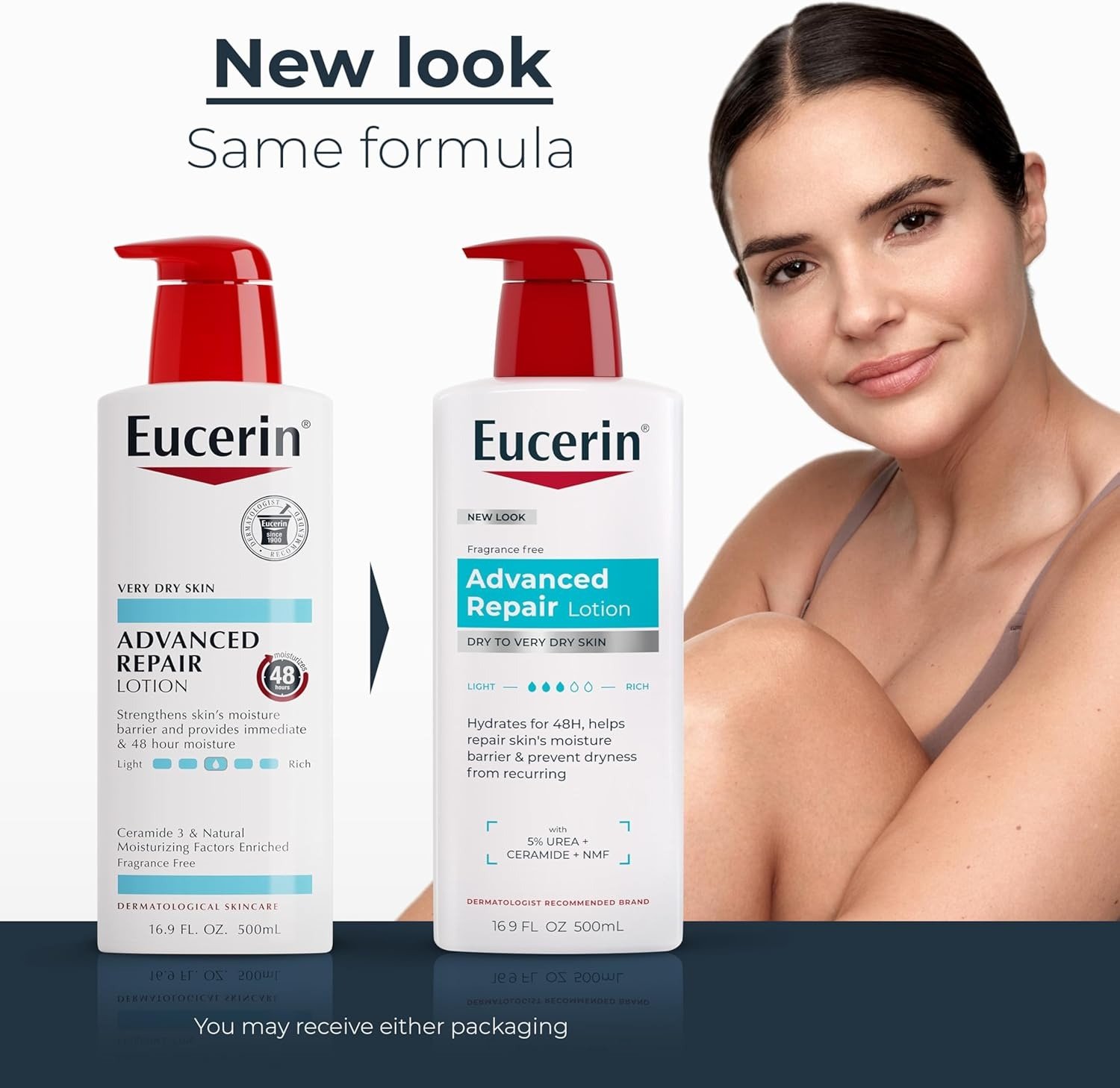Restore dry, rough skin with the Eucerin Advanced Repair Lotion, a deeply hydrating formula designed to provide long-lasting moisture and improve skin texture.
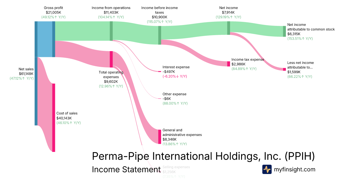 For the quarter ending 2025-10-31, PPIH made $61,148K in revenue. $6,315K in net income. Net profit margin of 10.33%.
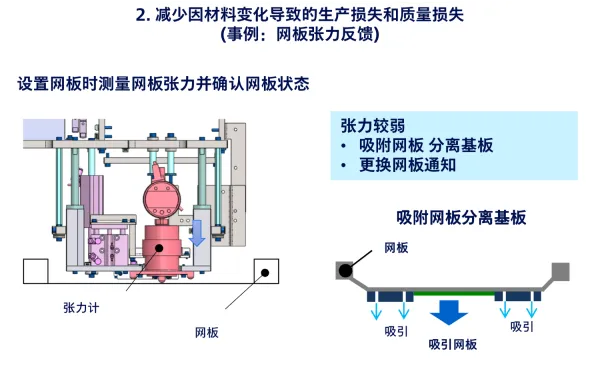 例如,“网板张力反馈”功能会在印刷前测量网板张力,当张力较弱时,系统会自动变更脱板动作,或发出更换网板的通知。

WORK REQUIRED — Leave the images out and output the remaining material exactly as it stands.

FINISHED EXERCISE —
Restore dry, rough skin with the Eucerin Advanced Repair Lotion, a deeply hydrating formula designed to provide long-lasting moisture and improve skin texture.
 For the quarter ending 2025-10-31, PPIH made $61,148K in revenue. $6,315K in net income. Net profit margin of 10.33%.
 例如,“网板张力反馈”功能会在印刷前测量网板张力,当张力较弱时,系统会自动变更脱板动作,或发出更换网板的通知。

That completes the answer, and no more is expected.